> [Extracted data entries]

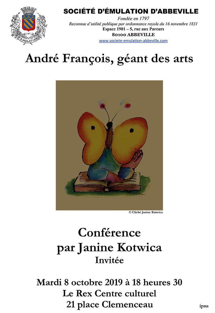 Mme Janine Kotwica, critique spécialisée dans l’illustration et les arts graphiques, commissaire d’expositions d’originaux en Europe, est l’auteur de nombreux articles dans diverses revues spécialisées. Elle assure des formations aux métiers du livre en France et à l’étranger. Amie d’André François et de sa famille, elle a fondé le Centre André François dont elle fut, de 2010 à 2014, la directrice artistique.
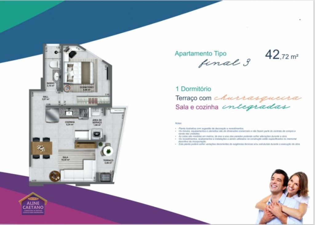 Com 1 dormitório, sala, cozinha, wc social, área de serviço, 1 vaga de garagem.
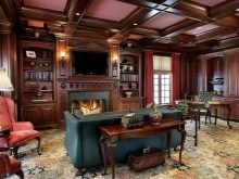 - Английски. По -сдържан и строг вариант на дизайн, но вкус и стил се усещат във всеки малък детайл. Необходимостта от скъпи висококачествени мебели, тапицирани с естествени материали, е също толкова неоспорима, колкото наличието на камина, както и обширна библиотека. Характерна особеност е изобилието от дърво, което присъства в декорацията и мебелите..
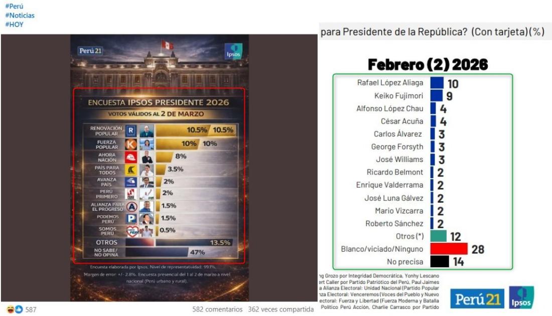 Entradas similares fueron difundidas en Facebook (1, 2, 3) junto a mensajes como: “Última encuesta publicada al 2 de marzo - presidencial Perú 2026” y “TRIPLE EMPATE EN EL PRIMER LUGAR”.
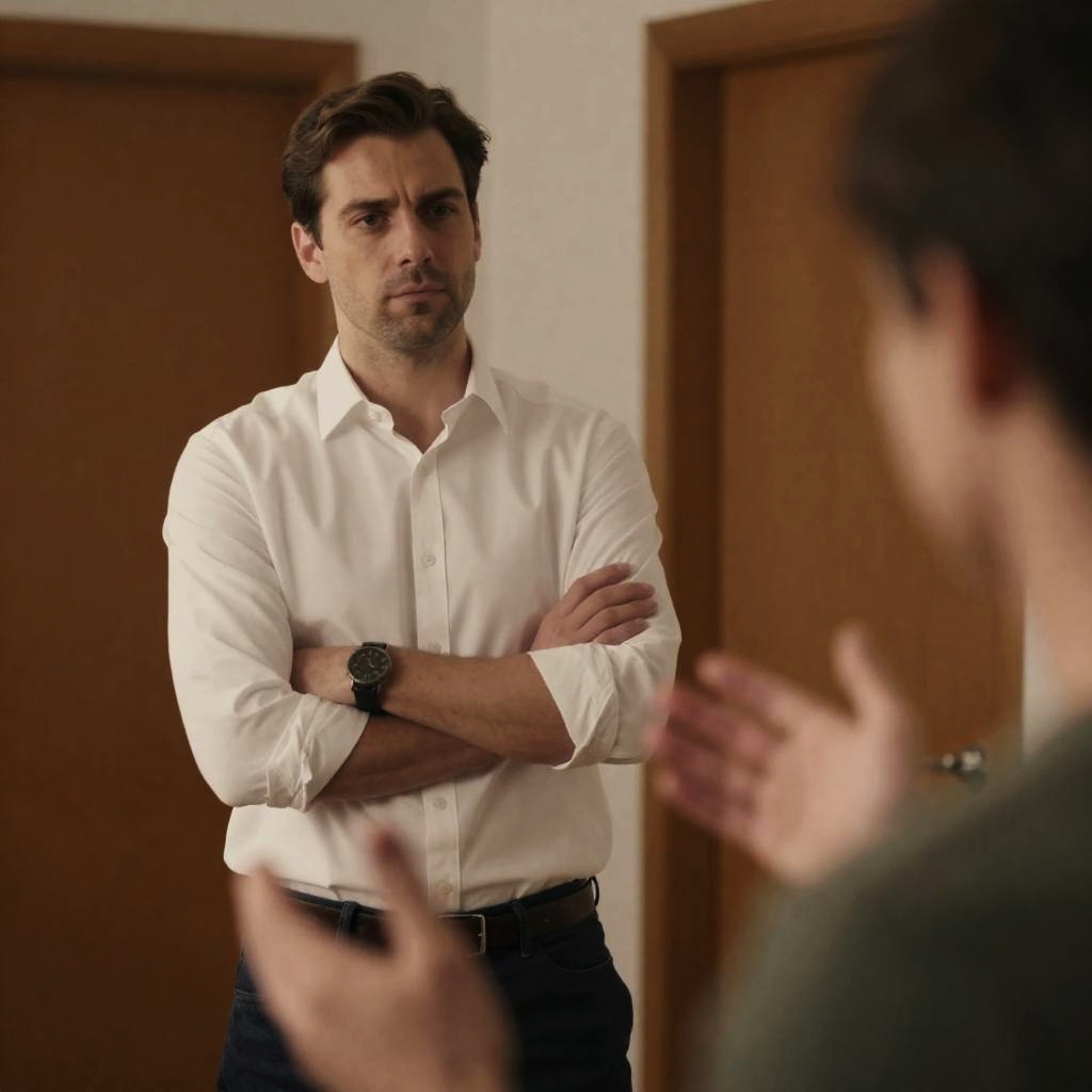 Photograph of a man with short brown hair, wearing a white button-up shirt and dark pants, standing with arms crossed, looking serious. Blurred figure in foreground on right gestures with hands. Background includes door and wall. Warm lighting.

> [Exercise directions] Reproduce exactly the lines from the one containing "Entradas similares fueron" through the last line of the records, both included, leaving out every picture.

> [Solution to this exercise]
 Entradas similares fueron difundidas en Facebook (1, 2, 3) junto a mensajes como: “Última encuesta publicada al 2 de marzo - presidencial Perú 2026” y “TRIPLE EMPATE EN EL PRIMER LUGAR”.
 Photograph of a man with short brown hair, wearing a white button-up shirt and dark pants, standing with arms crossed, looking serious. Blurred figure in foreground on right gestures with hands. Background includes door and wall. Warm lighting.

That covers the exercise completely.